> _AIM OF THE TASK_:
With the pictures omitted, repeat exactly the lines below starting with the line that has "隆信過濾器有限公司是一家生產" and going on through the line that has "[서울=뉴시스] 권오을 국가보훈부".

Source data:
-------------------------

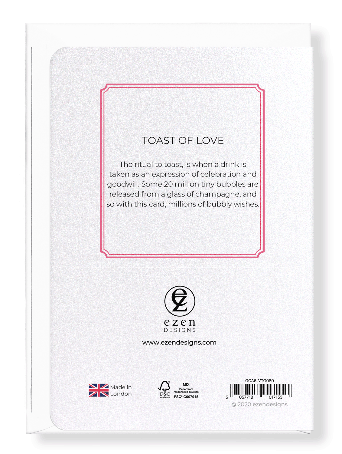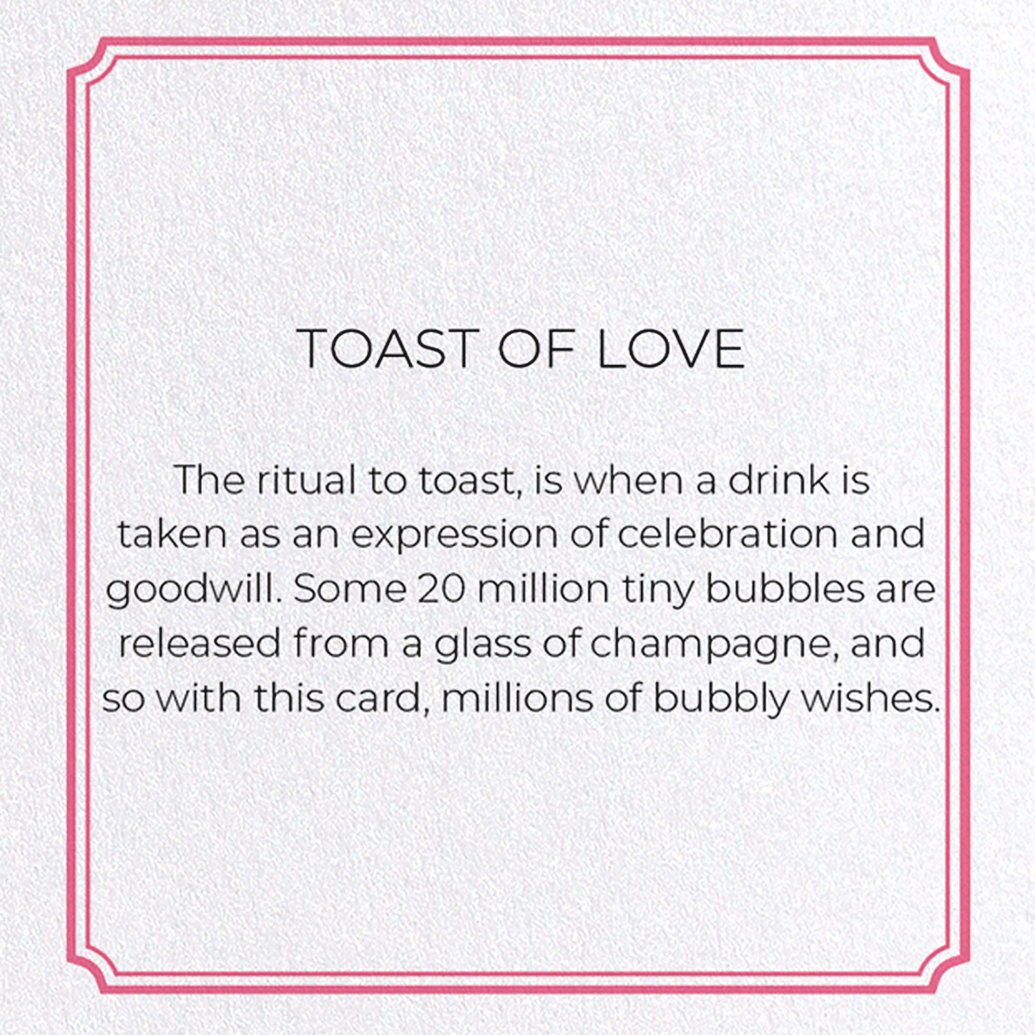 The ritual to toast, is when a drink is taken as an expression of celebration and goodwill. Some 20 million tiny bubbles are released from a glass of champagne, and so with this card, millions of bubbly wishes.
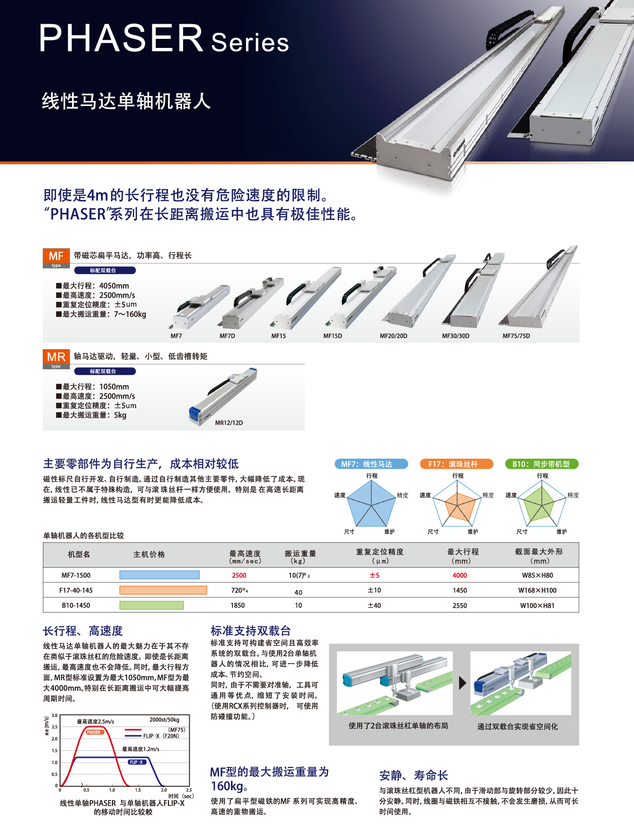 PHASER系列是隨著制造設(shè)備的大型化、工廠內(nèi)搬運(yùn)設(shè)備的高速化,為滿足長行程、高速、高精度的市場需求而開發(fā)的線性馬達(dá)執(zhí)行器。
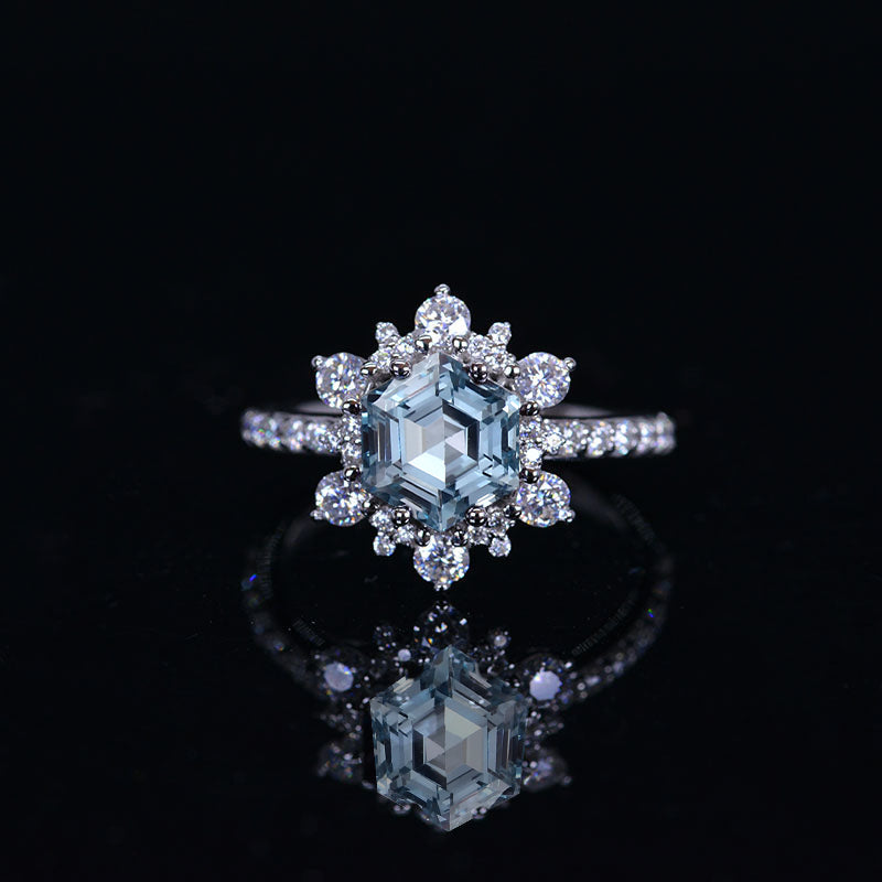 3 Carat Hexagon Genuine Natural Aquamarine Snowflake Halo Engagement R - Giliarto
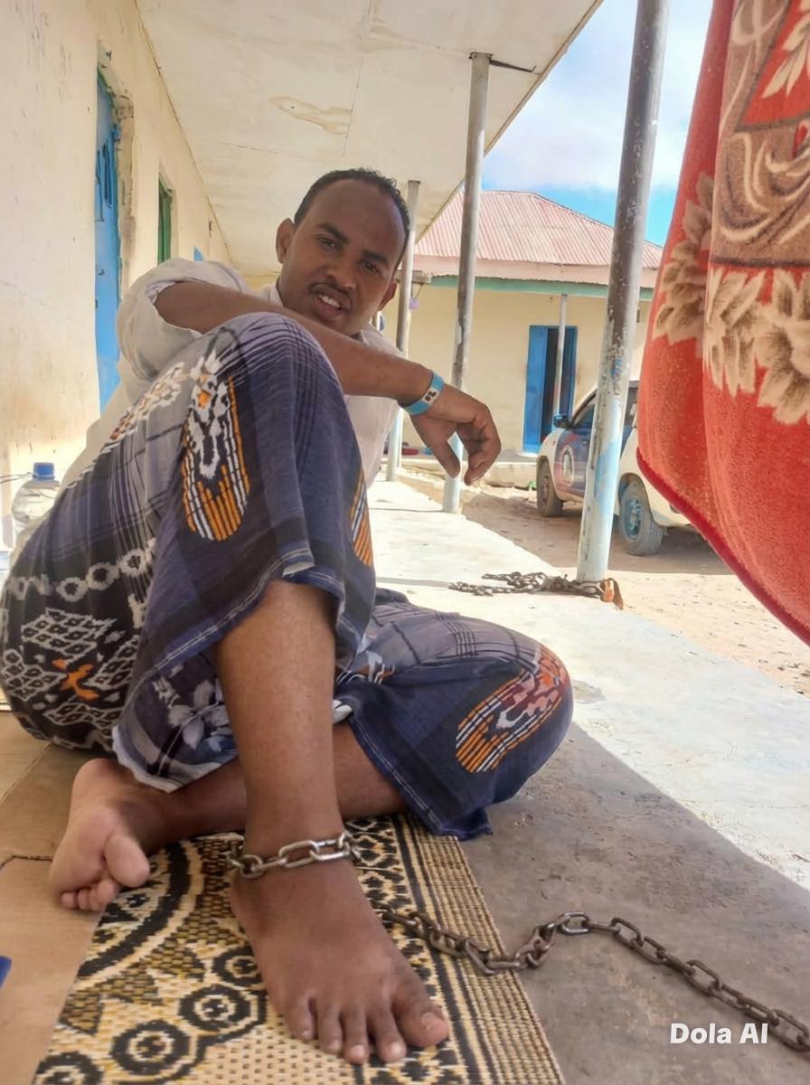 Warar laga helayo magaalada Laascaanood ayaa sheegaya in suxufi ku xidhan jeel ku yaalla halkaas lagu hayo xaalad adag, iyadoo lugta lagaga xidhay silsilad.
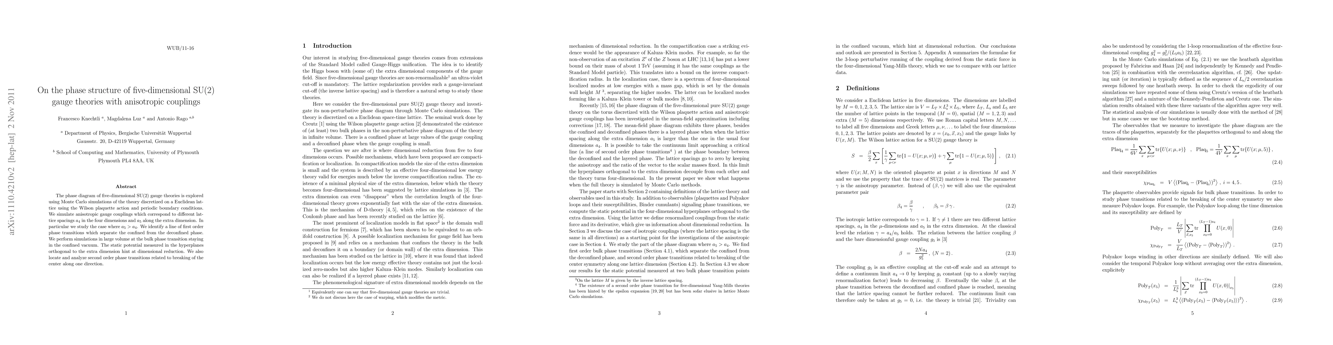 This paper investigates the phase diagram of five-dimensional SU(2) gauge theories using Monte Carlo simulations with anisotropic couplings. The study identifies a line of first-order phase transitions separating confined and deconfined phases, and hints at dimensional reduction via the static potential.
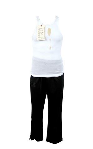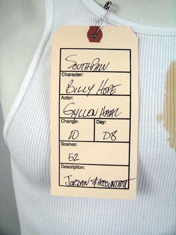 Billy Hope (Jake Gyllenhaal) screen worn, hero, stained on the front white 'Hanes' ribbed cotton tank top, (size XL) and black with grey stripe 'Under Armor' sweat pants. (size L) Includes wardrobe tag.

-------------------------

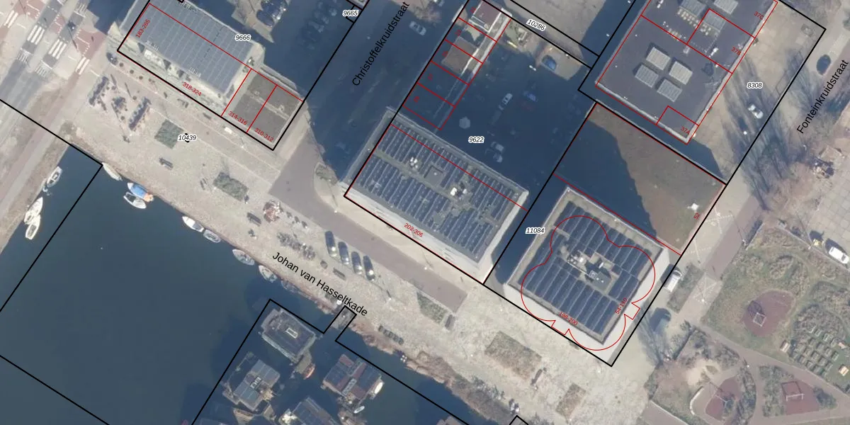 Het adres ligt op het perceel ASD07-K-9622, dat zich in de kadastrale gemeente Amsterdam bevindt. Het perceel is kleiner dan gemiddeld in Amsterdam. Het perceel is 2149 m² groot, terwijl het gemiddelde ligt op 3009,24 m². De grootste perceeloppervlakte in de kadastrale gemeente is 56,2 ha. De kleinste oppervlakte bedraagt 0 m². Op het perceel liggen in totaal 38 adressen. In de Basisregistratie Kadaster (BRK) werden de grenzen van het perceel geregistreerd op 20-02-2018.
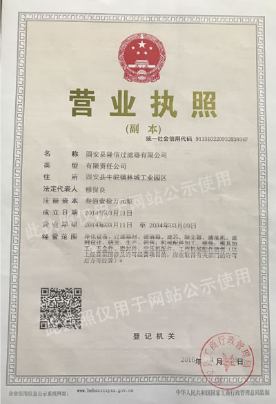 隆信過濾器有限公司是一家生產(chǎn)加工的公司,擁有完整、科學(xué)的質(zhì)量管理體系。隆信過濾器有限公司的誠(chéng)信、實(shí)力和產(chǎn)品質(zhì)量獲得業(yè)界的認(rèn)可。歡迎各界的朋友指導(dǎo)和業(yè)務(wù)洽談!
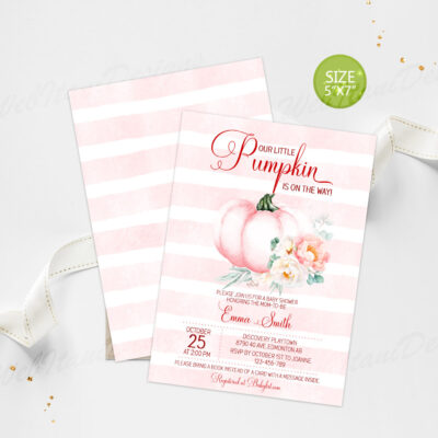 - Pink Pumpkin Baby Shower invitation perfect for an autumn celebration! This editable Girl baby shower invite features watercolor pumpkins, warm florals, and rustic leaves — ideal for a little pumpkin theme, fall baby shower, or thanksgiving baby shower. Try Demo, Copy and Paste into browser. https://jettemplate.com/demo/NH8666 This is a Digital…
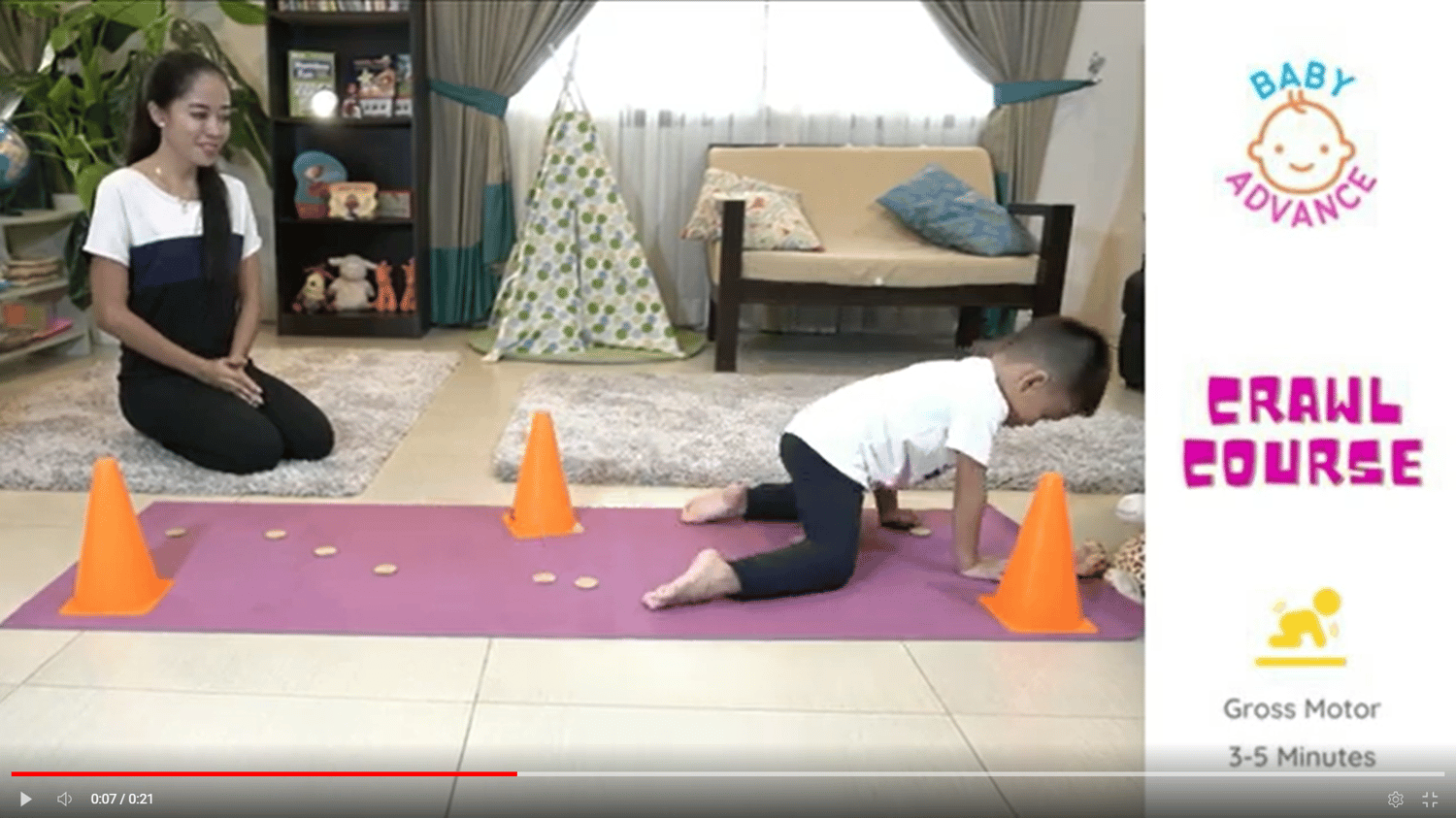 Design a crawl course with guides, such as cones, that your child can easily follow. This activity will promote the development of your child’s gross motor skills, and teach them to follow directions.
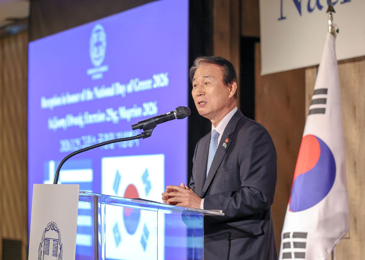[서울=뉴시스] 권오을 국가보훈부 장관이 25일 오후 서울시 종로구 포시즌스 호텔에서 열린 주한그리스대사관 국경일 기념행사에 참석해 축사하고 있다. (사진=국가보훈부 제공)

-------------------------

> _RESULT OF THE EXERCISE_:
 隆信過濾器有限公司是一家生產(chǎn)加工的公司,擁有完整、科學(xué)的質(zhì)量管理體系。隆信過濾器有限公司的誠(chéng)信、實(shí)力和產(chǎn)品質(zhì)量獲得業(yè)界的認(rèn)可。歡迎各界的朋友指導(dǎo)和業(yè)務(wù)洽談!
 - Pink Pumpkin Baby Shower invitation perfect for an autumn celebration! This editable Girl baby shower invite features watercolor pumpkins, warm florals, and rustic leaves — ideal for a little pumpkin theme, fall baby shower, or thanksgiving baby shower. Try Demo, Copy and Paste into browser. https://jettemplate.com/demo/NH8666 This is a Digital…
 Design a crawl course with guides, such as cones, that your child can easily follow. This activity will promote the development of your child’s gross motor skills, and teach them to follow directions.
[서울=뉴시스] 권오을 국가보훈부 장관이 25일 오후 서울시 종로구 포시즌스 호텔에서 열린 주한그리스대사관 국경일 기념행사에 참석해 축사하고 있다. (사진=국가보훈부 제공)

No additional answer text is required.